◆ **WHAT THIS TASK INVOLVES**: Reproduce exactly the lines below, starting at the line that contains "Proteinová tyčinka s" and ending with the last line of the records, both included; leave out any pictures.
Start of EXTRACTED ENTRIES
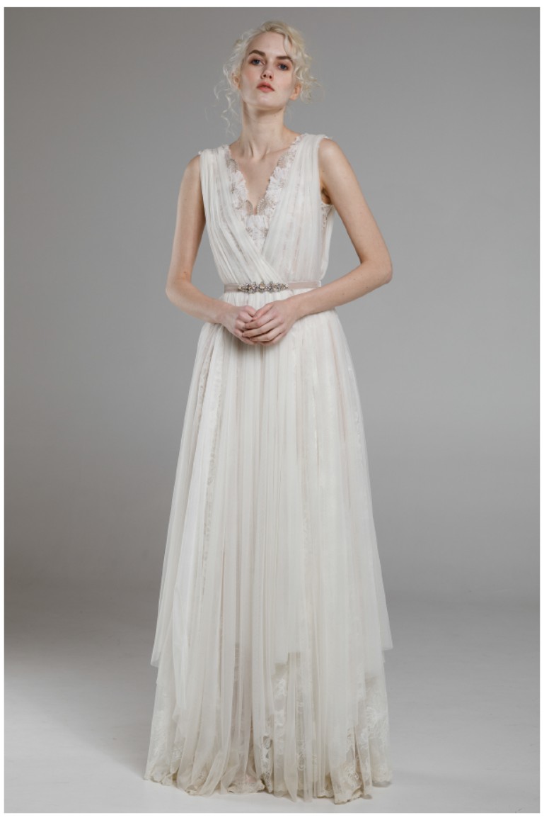 This lace wedding dress is absolutely ethereal. The loose fit suits almost any body type.
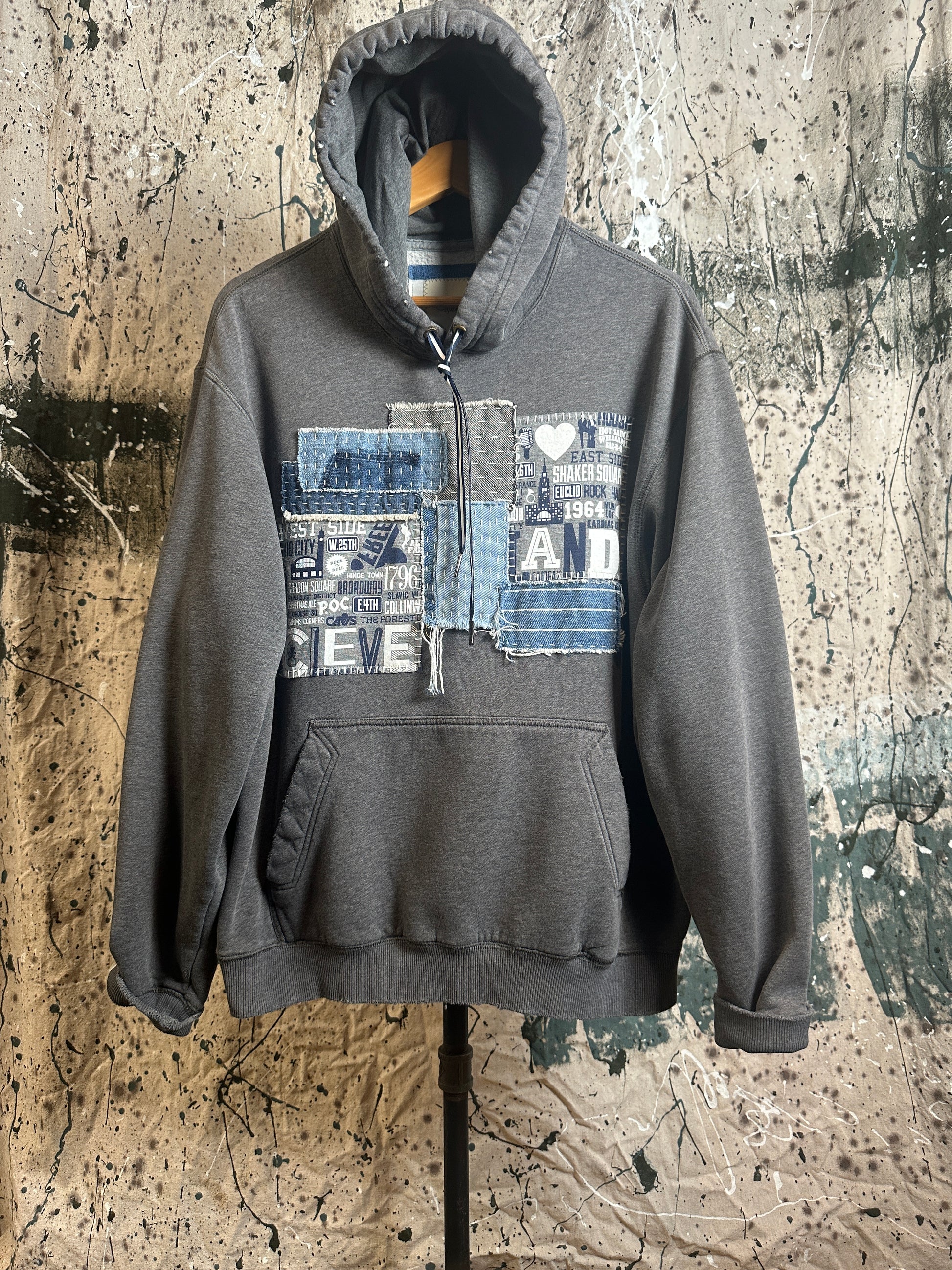 The Stitch is an upcycled hoodie with a relaxed fit crafted for effortless cool. Featuring subtle distressing and playful sashiko stitching, it’s accented with bold CLE logo and denim patches on the front for a unique, handcrafted vibe that’s ready to keep you cozy in style.
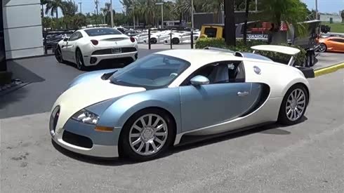 罕见蓝白涂装 街拍1000马力布加迪威航
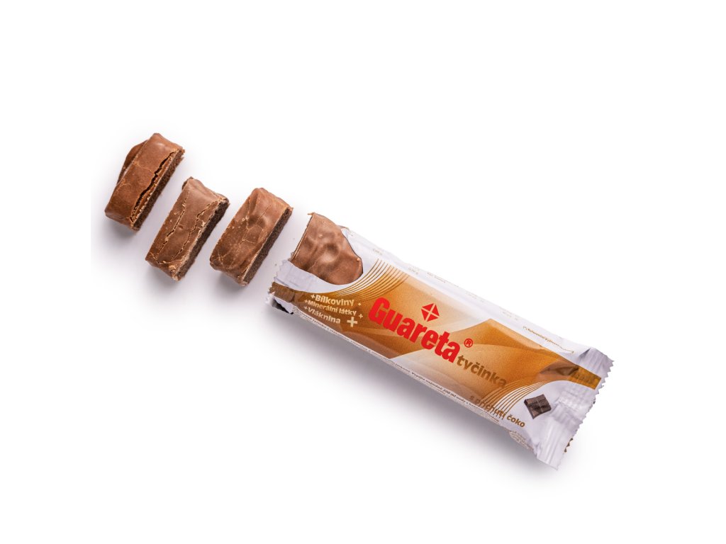Proteinová tyčinka s vlákninou, vitaminy a minerálními látkami.
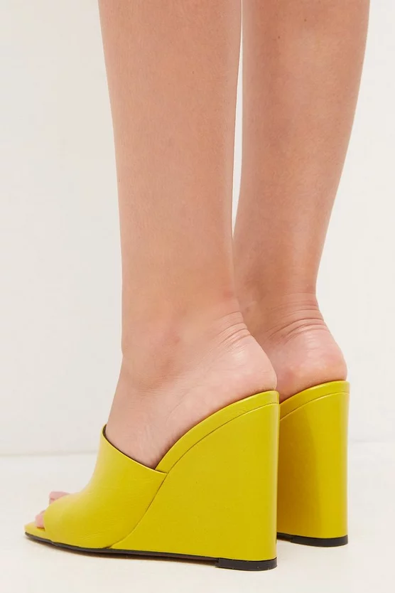 A fresh new take on the ever-popular 90s-style mule, these slip-on wedges come crafted from rich, colour-pop leather and feature thick straps and directional squared-off toes. The perfect height for elongating legs, they instantly update love-worn denim jeans, flirty party dresses and work-appropriate tailoring too.
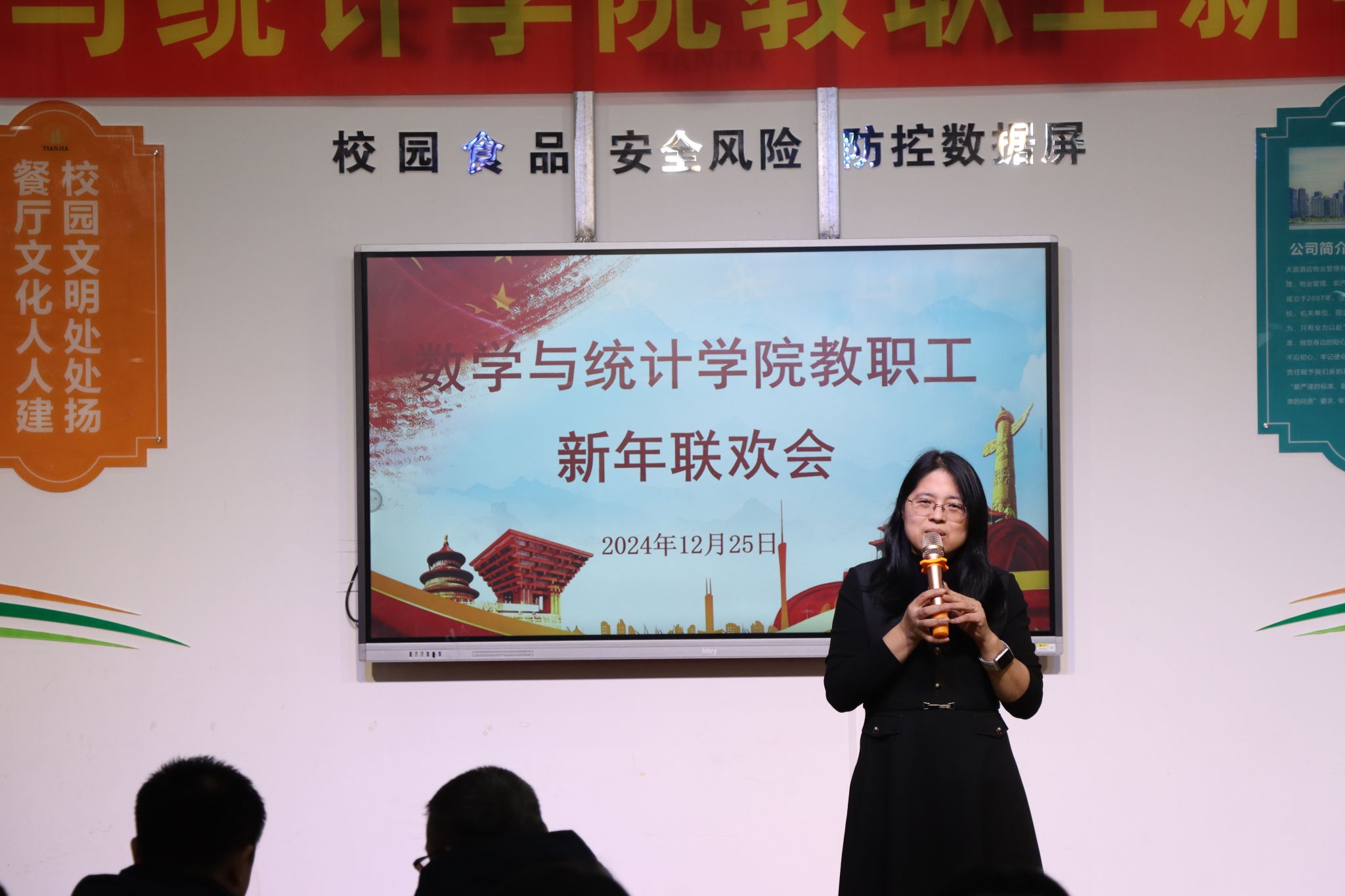 联欢会在学院党委书记王丹、院长王纯杰的致辞中拉开序幕,他们对2024年学院整体工作做出总结,对数统学院的未来提出了展望,并向全体教职工致以最真挚的新年祝福!
End of EXTRACTED ENTRIES
◆ **RESULT OF THE EXERCISE**:
Proteinová tyčinka s vlákninou, vitaminy a minerálními látkami.
 A fresh new take on the ever-popular 90s-style mule, these slip-on wedges come crafted from rich, colour-pop leather and feature thick straps and directional squared-off toes. The perfect height for elongating legs, they instantly update love-worn denim jeans, flirty party dresses and work-appropriate tailoring too.
 联欢会在学院党委书记王丹、院长王纯杰的致辞中拉开序幕,他们对2024年学院整体工作做出总结,对数统学院的未来提出了展望,并向全体教职工致以最真挚的新年祝福!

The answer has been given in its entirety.